▶ TASK BRIEF: Transcribe exactly, and without pictures, only the lines from the one bearing "Elephant with Puffin" through the final line of the data below.

▶ Records from a dataset:
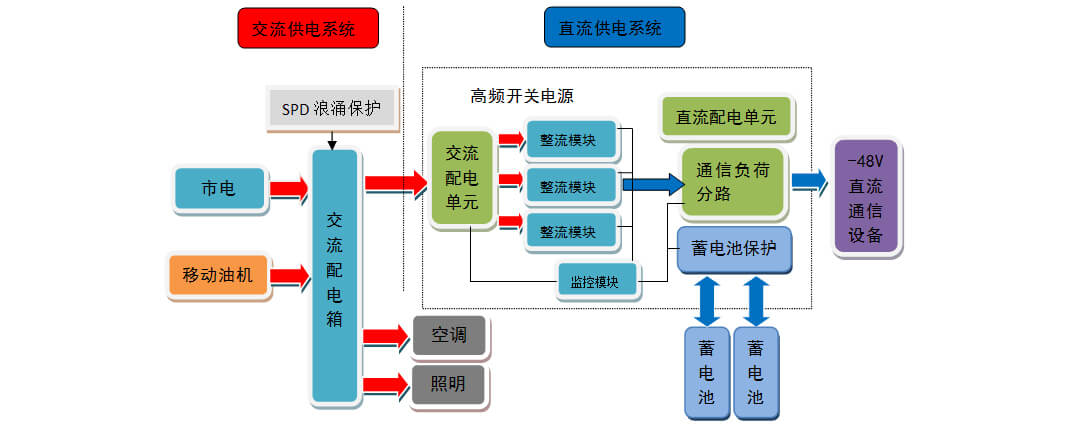 基站供电系统主要由交流供电系统和直流供电系统组成。交流供电系统:由一路市电电源、一路移动油机电源、浪涌保护器、交流配电箱(具备市电油机转换功能)组成。直流供电系统:由高频开关组合电源(含交流配电单元、监控模块、整流模块、直流配电单元)、两组(或一组)蓄电池组成。
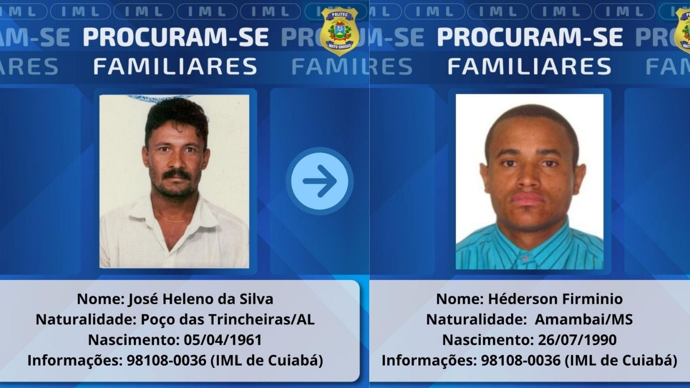A Perícia Oficial e Identificação Técnica (Politec) busca por familiares de três vítimas identificadas para a liberação dos corpos. Duas são de Cuiabá e uma, de Nova Mutum.
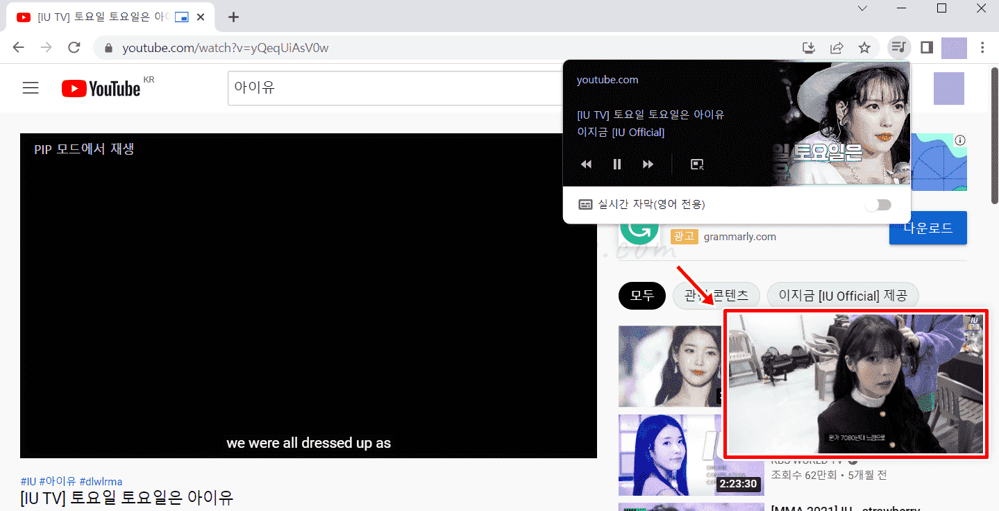5. PC 유튜브 동영상이 PIP모드로 재생됩니다.
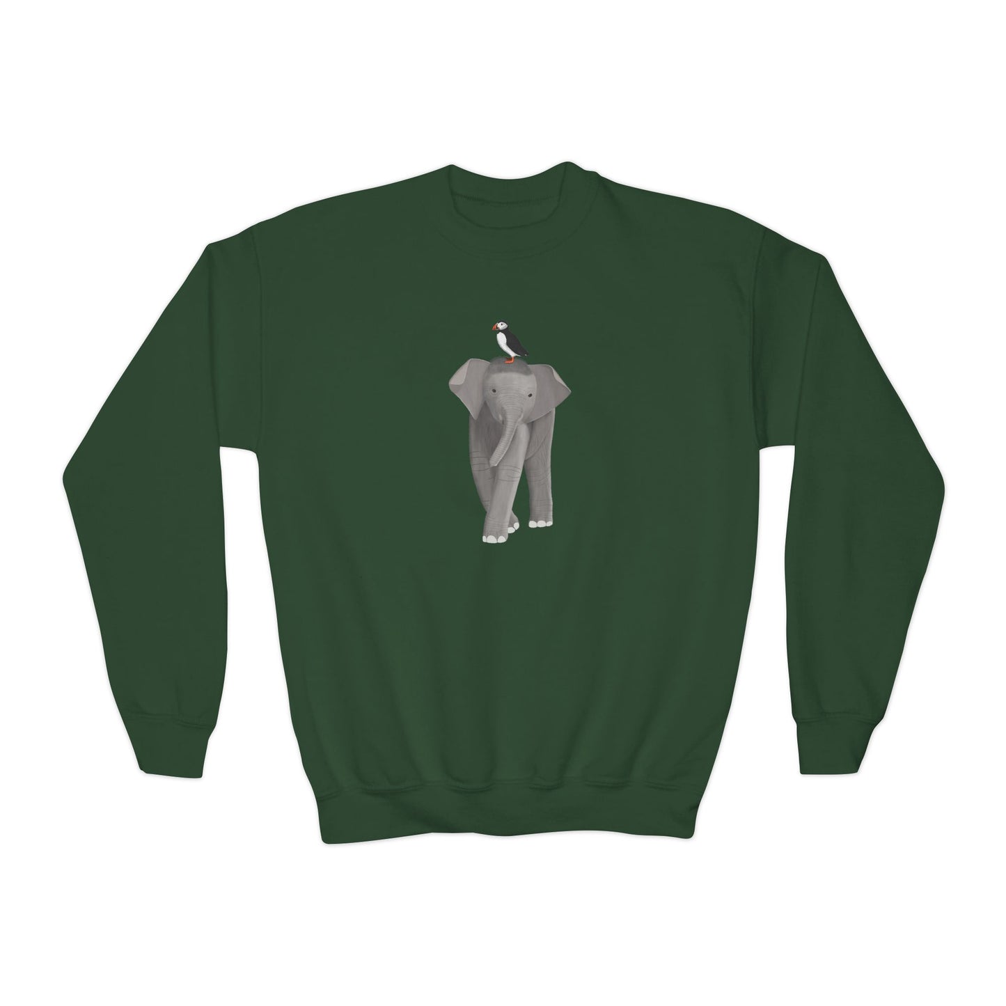Elephant with Puffin Bird Youth Crewneck Sweatshirt
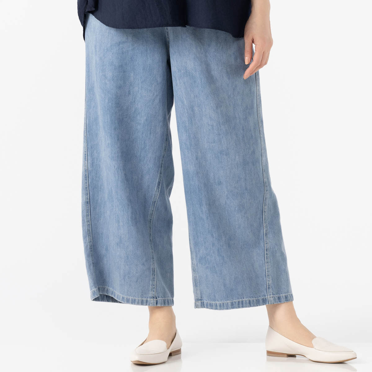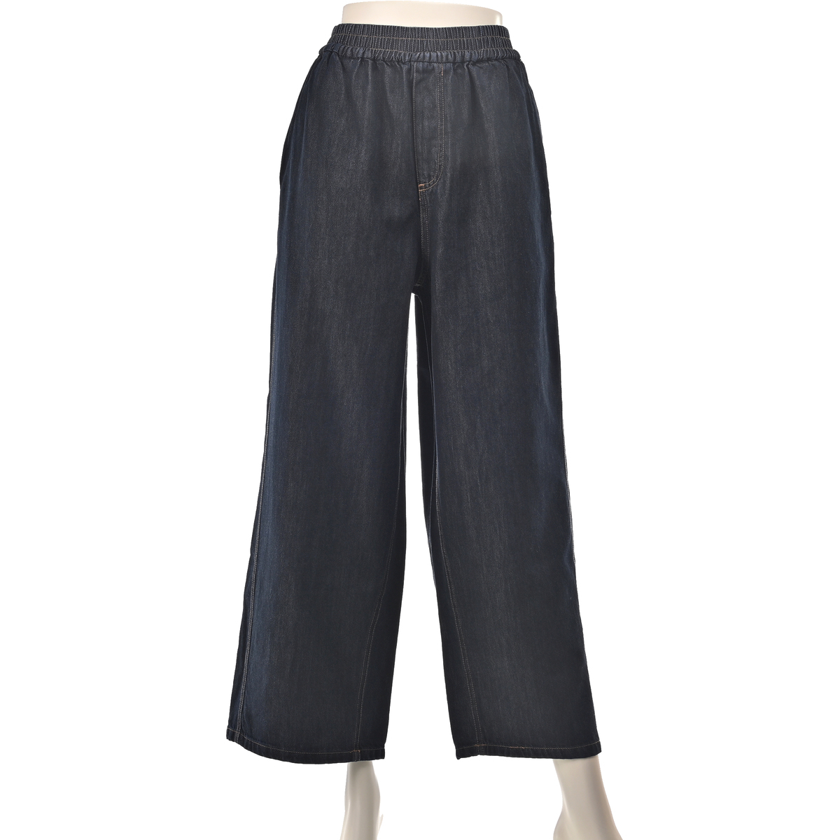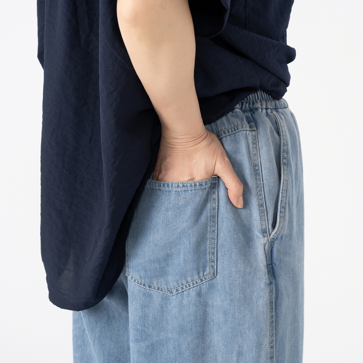 ゆったり穿けるワイドシルエットのデニムパンツ。ウエストは総ギャザーゴムで、引っぱってそのまま穿けるプルオン仕様です。たっぷりした分量を活かしつつ、脇線と股下線を裾に向かって前身頃が細くなるように設計し、カジュアルでもすっきり見えるラインに仕上げています
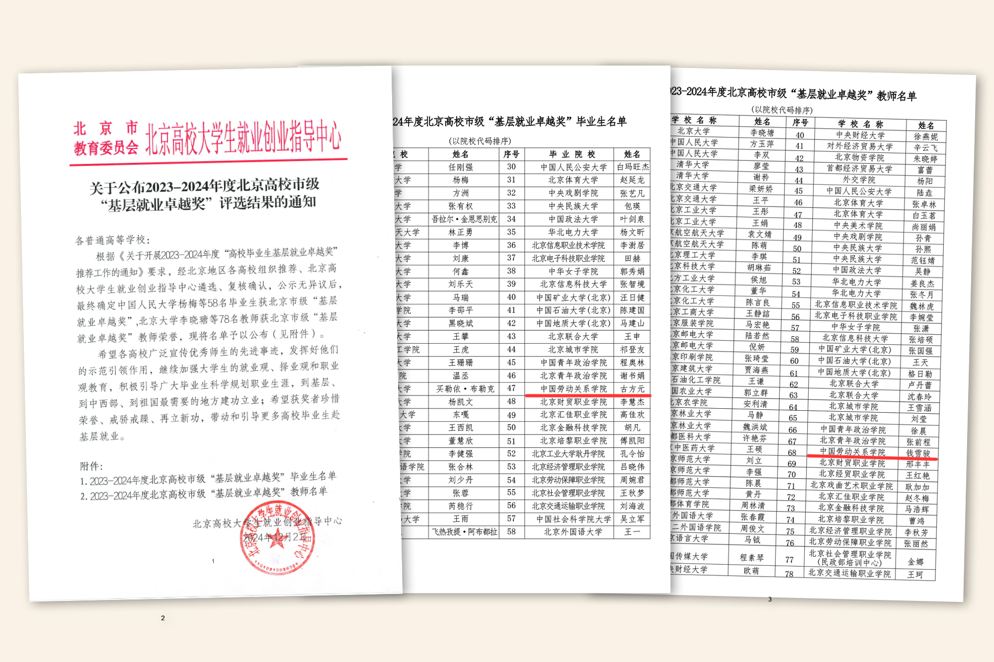 我校师生荣获2023—2024年度北京高校市级“基层就业卓越奖” - 中国劳动关系学院新闻网
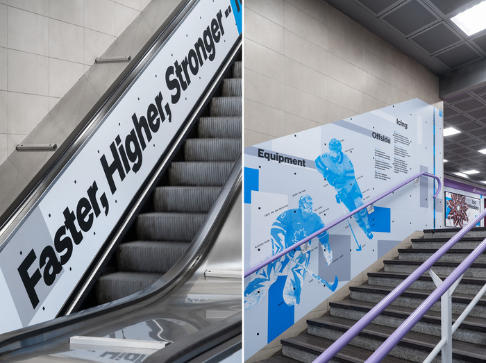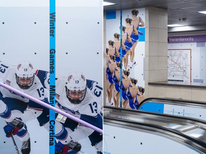 Through a series of large-scale illustrations, the installation reveals key movements, rules, historical facts, figures and the stories of champions. Drawing on images selected from the Olympic Museum’s collections and reinterpreted in a graphic style inspired by Futurismo, the metro station becomes a place of discovery woven into everyday life.

▶ THE COMPLETED TASK:
Elephant with Puffin Bird Youth Crewneck Sweatshirt
 ゆったり穿けるワイドシルエットのデニムパンツ。ウエストは総ギャザーゴムで、引っぱってそのまま穿けるプルオン仕様です。たっぷりした分量を活かしつつ、脇線と股下線を裾に向かって前身頃が細くなるように設計し、カジュアルでもすっきり見えるラインに仕上げています
 我校师生荣获2023—2024年度北京高校市级“基层就业卓越奖” - 中国劳动关系学院新闻网
 Through a series of large-scale illustrations, the installation reveals key movements, rules, historical facts, figures and the stories of champions. Drawing on images selected from the Olympic Museum’s collections and reinterpreted in a graphic style inspired by Futurismo, the metro station becomes a place of discovery woven into everyday life.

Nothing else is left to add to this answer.